Quote the whole listing exactly. Leave the pictures out of your copy.

Input data:
[Start of Attachment]

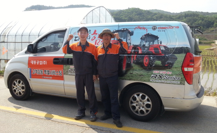 대동공업은 농번기인 이앙철(5월)과 수확철(10월)에 자사의 개발, 품질, 서비스 전문가로 구성된 ‘고객감동 특별 서비스팀’ 3개팀을 구성해 8개의 지역 본부와 150개 대리점의 서비스 팀과 함께 농민들에게 좀 더 신속하고 수준 높은 서비스를 제공한다. 관련해 ‘고객 감동1팀2팀’은 서비스 요청 현장에서 제품 정비 및 수리를 담당하며 ‘고객 감동3팀’은 부품 긴급 조달 및 콜센터 운영을 맡는다.
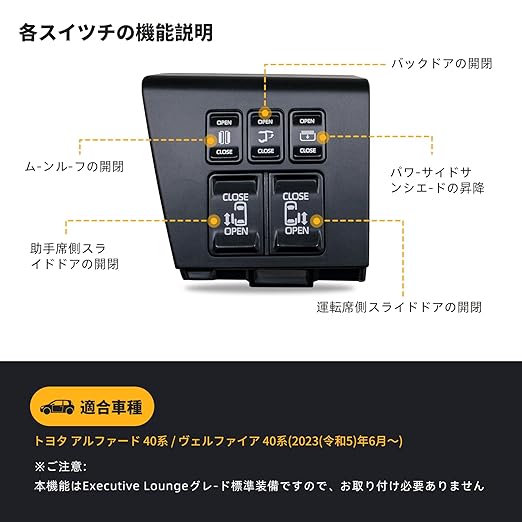 【取付動画で簡単】新登場 CyVaJive アルファード40系 ヴェルファイア 40系 専用 運転席増設スイッチキット 5ボタン集中制御 LEDバックライトで夜間も見やすい 電動スライドドア/テールゲート/ムーンルーフ/サンシェード 自動開閉・一時停止 カプラーオン 実車テスト済 純正交換対応 (Alphard Vellfire 40 R5.6~)
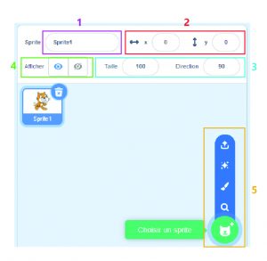 2 : modifier l’emplacement du lutin sur la scène en modifiant les abscisses et les ordonnées (vous pouvez également le faire en déplacement le lutin directement sur la scène à l’aide de votre souris).
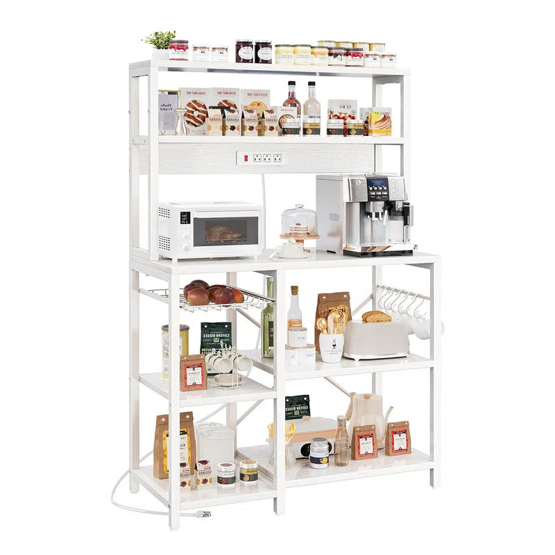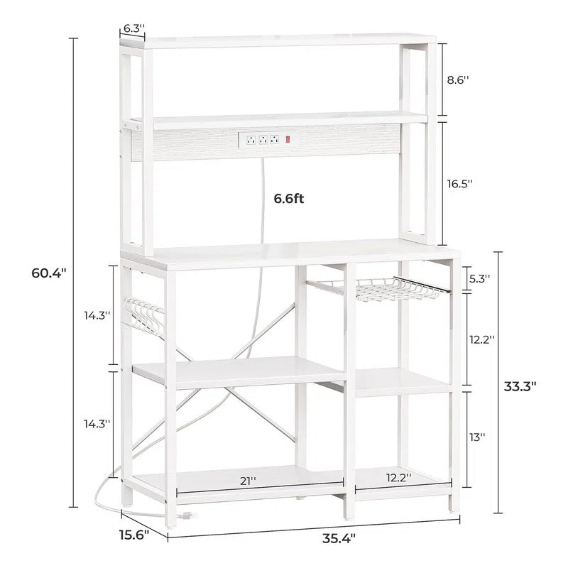 Kitchen Rack: 35.4'' Coffee Bar with Wire Basket, Kitchen Microwave Stand, and Baker's Rack with Power Outlet Features 3 AC Outlets and 1 On-Off Switch: The power strip... Read more

[End of Attachment]

Solution:
 대동공업은 농번기인 이앙철(5월)과 수확철(10월)에 자사의 개발, 품질, 서비스 전문가로 구성된 ‘고객감동 특별 서비스팀’ 3개팀을 구성해 8개의 지역 본부와 150개 대리점의 서비스 팀과 함께 농민들에게 좀 더 신속하고 수준 높은 서비스를 제공한다. 관련해 ‘고객 감동1팀2팀’은 서비스 요청 현장에서 제품 정비 및 수리를 담당하며 ‘고객 감동3팀’은 부품 긴급 조달 및 콜센터 운영을 맡는다.
 【取付動画で簡単】新登場 CyVaJive アルファード40系 ヴェルファイア 40系 専用 運転席増設スイッチキット 5ボタン集中制御 LEDバックライトで夜間も見やすい 電動スライドドア/テールゲート/ムーンルーフ/サンシェード 自動開閉・一時停止 カプラーオン 実車テスト済 純正交換対応 (Alphard Vellfire 40 R5.6~)
 2 : modifier l’emplacement du lutin sur la scène en modifiant les abscisses et les ordonnées (vous pouvez également le faire en déplacement le lutin directement sur la scène à l’aide de votre souris).
 Kitchen Rack: 35.4'' Coffee Bar with Wire Basket, Kitchen Microwave Stand, and Baker's Rack with Power Outlet Features 3 AC Outlets and 1 On-Off Switch: The power strip... Read more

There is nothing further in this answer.